▶ [Aim of the task]
Please output exactly the lines below, starting at the line that has "The previous website, created" and ending at the line that has "This captivating close-up", both included; leave out all pictures and include nothing else.

---------- Data extracts ----------

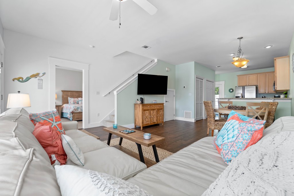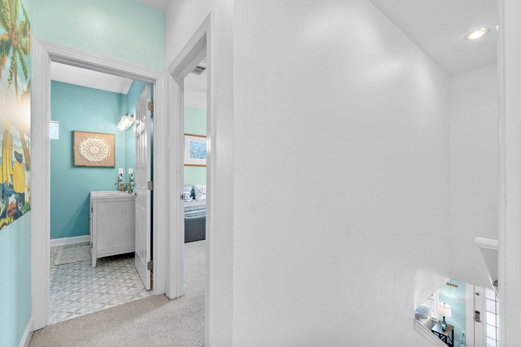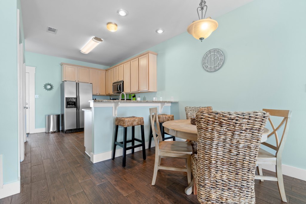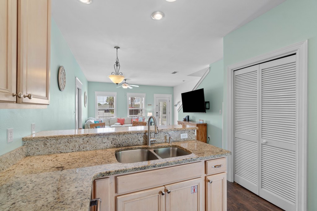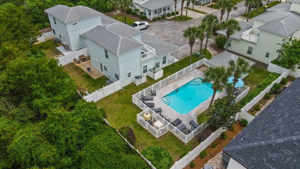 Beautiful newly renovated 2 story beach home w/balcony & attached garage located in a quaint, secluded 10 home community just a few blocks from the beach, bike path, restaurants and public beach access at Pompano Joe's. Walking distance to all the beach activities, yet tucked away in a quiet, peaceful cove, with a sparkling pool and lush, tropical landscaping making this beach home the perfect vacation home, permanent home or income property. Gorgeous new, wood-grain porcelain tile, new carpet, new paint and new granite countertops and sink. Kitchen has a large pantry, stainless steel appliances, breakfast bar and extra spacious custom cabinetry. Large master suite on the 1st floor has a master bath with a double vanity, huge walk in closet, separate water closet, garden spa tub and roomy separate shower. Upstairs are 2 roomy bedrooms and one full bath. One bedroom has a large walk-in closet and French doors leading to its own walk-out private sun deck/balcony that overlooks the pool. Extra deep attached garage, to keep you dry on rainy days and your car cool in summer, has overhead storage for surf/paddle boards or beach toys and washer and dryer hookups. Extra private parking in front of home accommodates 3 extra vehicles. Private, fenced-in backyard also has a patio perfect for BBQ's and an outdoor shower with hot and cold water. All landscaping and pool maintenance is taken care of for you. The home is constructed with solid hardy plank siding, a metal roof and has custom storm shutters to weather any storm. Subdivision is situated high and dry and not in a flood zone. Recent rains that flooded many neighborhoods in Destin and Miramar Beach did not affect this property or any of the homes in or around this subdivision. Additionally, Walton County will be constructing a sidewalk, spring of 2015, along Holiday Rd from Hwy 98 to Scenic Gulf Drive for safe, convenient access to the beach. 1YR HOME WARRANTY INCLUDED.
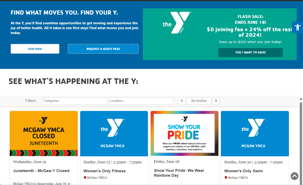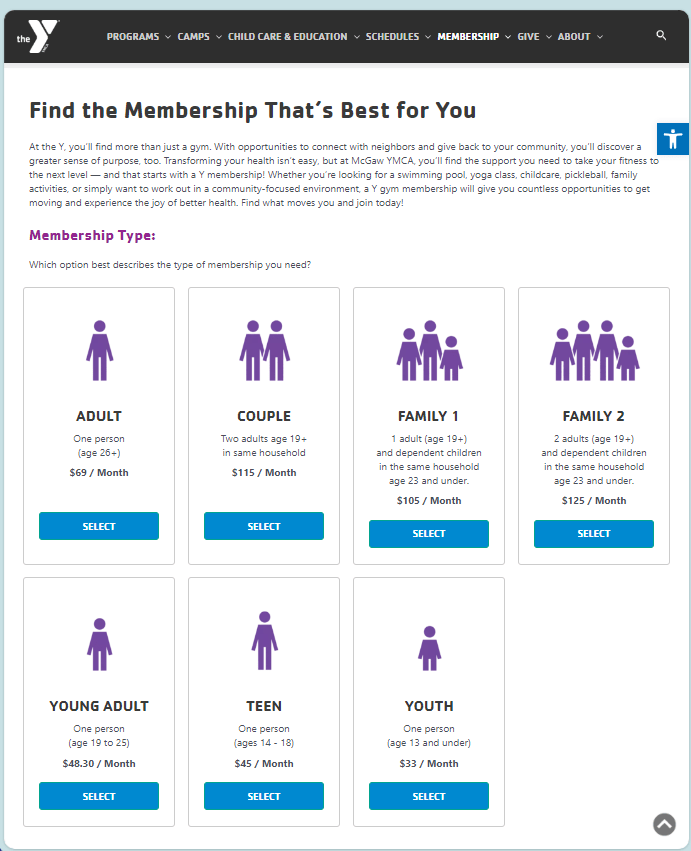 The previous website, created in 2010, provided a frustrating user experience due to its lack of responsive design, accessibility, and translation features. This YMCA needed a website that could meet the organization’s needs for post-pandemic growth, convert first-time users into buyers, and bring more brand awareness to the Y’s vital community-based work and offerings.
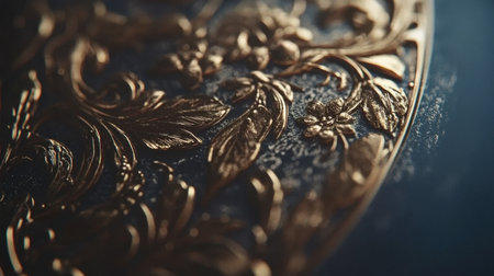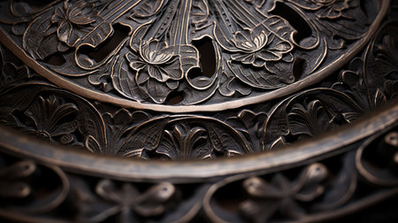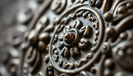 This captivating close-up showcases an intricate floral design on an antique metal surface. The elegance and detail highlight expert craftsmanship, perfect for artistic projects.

----------
---------- Data extracts ----------

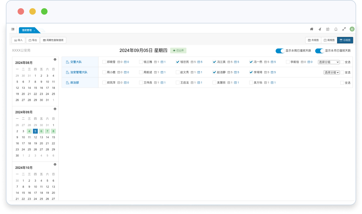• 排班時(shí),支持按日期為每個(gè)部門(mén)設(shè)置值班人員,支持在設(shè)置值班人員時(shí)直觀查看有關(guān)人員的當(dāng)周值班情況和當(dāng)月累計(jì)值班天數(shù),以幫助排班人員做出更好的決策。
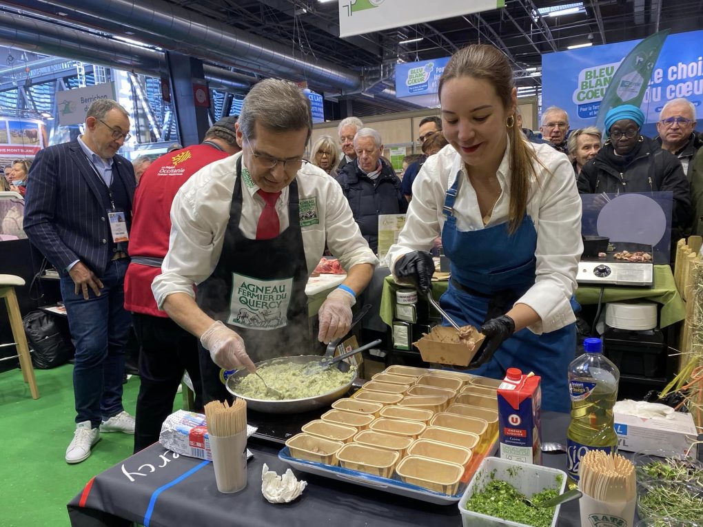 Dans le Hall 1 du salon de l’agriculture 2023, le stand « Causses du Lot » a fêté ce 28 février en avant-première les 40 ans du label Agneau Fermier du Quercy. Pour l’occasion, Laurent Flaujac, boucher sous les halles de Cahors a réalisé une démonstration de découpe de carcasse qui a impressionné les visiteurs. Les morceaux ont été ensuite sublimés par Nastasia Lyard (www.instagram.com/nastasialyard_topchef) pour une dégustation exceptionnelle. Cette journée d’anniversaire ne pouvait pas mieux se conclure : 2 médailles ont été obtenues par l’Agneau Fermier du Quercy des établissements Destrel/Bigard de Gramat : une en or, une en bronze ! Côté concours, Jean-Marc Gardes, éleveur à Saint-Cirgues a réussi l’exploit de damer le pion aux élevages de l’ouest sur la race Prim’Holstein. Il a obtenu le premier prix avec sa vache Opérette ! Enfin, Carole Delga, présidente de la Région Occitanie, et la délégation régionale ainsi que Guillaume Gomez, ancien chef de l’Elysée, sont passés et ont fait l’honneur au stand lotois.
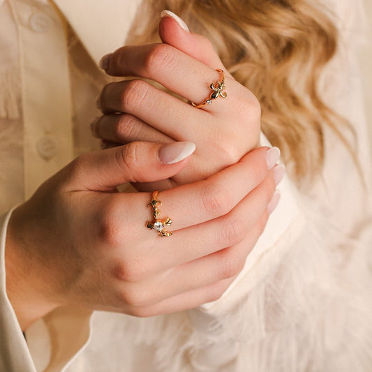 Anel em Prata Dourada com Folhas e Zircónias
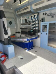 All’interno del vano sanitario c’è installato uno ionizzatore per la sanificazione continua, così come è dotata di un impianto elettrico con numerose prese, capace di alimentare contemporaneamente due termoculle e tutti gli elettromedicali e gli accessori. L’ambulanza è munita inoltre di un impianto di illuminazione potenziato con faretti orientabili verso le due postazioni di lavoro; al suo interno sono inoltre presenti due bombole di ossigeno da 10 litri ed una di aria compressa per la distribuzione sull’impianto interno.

----------

▶ [The answer]
 The previous website, created in 2010, provided a frustrating user experience due to its lack of responsive design, accessibility, and translation features. This YMCA needed a website that could meet the organization’s needs for post-pandemic growth, convert first-time users into buyers, and bring more brand awareness to the Y’s vital community-based work and offerings.
 This captivating close-up showcases an intricate floral design on an antique metal surface. The elegance and detail highlight expert craftsmanship, perfect for artistic projects.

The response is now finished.